- Opening Delimiter -

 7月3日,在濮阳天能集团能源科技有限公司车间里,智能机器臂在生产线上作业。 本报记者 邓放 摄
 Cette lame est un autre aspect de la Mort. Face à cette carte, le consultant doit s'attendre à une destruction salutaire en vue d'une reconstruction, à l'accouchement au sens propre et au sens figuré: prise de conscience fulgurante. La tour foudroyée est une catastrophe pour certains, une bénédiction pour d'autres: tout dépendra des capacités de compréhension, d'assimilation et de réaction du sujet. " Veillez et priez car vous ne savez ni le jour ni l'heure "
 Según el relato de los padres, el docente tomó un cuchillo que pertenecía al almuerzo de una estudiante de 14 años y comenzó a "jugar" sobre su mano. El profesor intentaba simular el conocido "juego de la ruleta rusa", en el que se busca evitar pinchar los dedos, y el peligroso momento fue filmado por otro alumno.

- Closing Delimiter -
- Opening Delimiter -

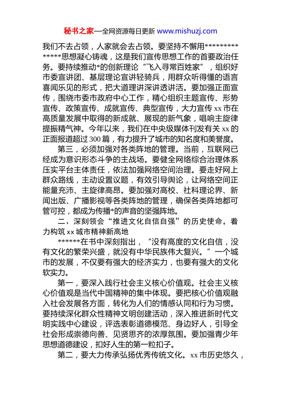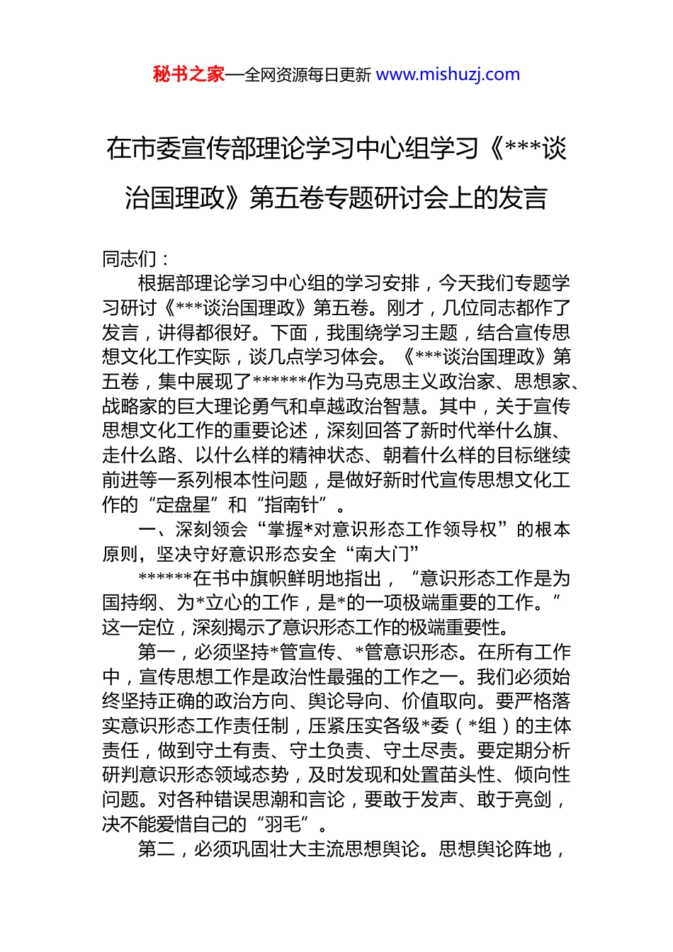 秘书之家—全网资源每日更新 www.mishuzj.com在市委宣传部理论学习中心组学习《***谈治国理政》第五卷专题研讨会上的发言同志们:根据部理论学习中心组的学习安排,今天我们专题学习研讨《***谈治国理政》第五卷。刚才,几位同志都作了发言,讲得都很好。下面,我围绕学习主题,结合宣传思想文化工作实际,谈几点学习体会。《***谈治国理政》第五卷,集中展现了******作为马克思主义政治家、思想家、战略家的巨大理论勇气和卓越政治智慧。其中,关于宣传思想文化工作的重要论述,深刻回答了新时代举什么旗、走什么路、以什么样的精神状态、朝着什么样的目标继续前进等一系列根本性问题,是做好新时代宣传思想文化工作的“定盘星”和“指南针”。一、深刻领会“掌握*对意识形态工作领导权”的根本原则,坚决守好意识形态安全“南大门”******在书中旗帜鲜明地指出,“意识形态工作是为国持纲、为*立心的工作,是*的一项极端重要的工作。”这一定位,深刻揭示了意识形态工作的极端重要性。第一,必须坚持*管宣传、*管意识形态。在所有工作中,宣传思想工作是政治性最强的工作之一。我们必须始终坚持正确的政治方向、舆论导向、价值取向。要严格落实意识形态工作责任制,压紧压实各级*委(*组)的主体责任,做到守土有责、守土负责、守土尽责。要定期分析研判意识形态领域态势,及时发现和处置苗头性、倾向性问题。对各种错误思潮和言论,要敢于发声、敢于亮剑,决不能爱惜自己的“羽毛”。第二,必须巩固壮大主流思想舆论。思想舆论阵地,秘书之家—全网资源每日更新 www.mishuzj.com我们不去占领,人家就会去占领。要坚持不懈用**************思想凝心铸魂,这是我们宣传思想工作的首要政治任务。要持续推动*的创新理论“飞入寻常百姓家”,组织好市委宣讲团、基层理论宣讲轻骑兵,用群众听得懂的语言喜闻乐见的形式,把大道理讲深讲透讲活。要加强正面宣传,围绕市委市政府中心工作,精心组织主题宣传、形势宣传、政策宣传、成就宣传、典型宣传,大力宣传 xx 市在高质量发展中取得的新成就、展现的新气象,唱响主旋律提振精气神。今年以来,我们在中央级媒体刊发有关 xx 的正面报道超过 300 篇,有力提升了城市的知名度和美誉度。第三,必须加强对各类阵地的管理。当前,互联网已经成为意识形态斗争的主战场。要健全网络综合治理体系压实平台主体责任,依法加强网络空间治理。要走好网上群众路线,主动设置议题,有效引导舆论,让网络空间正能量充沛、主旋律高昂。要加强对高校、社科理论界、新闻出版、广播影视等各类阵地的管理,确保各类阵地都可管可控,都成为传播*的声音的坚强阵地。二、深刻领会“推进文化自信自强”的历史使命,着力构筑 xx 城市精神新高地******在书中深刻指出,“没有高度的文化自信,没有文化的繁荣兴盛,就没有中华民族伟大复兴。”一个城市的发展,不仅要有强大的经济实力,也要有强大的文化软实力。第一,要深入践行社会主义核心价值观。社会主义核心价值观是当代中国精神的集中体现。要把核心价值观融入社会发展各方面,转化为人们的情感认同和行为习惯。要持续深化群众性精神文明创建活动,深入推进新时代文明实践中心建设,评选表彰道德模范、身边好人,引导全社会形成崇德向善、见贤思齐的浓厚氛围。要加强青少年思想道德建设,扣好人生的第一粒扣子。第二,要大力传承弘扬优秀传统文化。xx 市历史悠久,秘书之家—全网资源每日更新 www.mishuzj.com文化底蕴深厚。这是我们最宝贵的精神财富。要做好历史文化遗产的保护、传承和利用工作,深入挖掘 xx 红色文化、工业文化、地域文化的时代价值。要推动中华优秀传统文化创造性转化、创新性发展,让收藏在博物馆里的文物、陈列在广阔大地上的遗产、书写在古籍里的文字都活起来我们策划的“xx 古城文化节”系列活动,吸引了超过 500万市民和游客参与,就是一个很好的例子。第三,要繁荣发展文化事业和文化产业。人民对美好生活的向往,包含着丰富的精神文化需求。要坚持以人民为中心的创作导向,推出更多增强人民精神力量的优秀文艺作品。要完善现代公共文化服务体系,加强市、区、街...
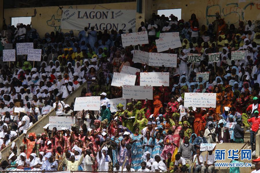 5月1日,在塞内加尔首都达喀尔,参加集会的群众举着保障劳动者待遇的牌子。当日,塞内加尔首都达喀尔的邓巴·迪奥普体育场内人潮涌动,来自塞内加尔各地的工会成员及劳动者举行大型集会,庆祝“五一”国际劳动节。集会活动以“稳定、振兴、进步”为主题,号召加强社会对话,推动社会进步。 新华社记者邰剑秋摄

- Closing Delimiter -
- Opening Delimiter -

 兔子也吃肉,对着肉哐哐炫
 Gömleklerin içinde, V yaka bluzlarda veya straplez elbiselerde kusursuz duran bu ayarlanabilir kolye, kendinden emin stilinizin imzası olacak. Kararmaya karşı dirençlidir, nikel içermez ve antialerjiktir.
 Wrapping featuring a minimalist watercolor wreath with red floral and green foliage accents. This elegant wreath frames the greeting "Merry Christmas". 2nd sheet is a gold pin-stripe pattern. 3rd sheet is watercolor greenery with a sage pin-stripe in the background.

- Closing Delimiter -

Using the data above, transcribe the lines that run from the line with "7月3日,在濮阳天能集团能源科技有限公司车间里,智能机器臂在生产线上作业。 本报记者 邓放" to the line with "Según el relato", both ends kept, and output nothing else.

 7月3日,在濮阳天能集团能源科技有限公司车间里,智能机器臂在生产线上作业。 本报记者 邓放 摄
 Cette lame est un autre aspect de la Mort. Face à cette carte, le consultant doit s'attendre à une destruction salutaire en vue d'une reconstruction, à l'accouchement au sens propre et au sens figuré: prise de conscience fulgurante. La tour foudroyée est une catastrophe pour certains, une bénédiction pour d'autres: tout dépendra des capacités de compréhension, d'assimilation et de réaction du sujet. " Veillez et priez car vous ne savez ni le jour ni l'heure "
 Según el relato de los padres, el docente tomó un cuchillo que pertenecía al almuerzo de una estudiante de 14 años y comenzó a "jugar" sobre su mano. El profesor intentaba simular el conocido "juego de la ruleta rusa", en el que se busca evitar pinchar los dedos, y el peligroso momento fue filmado por otro alumno.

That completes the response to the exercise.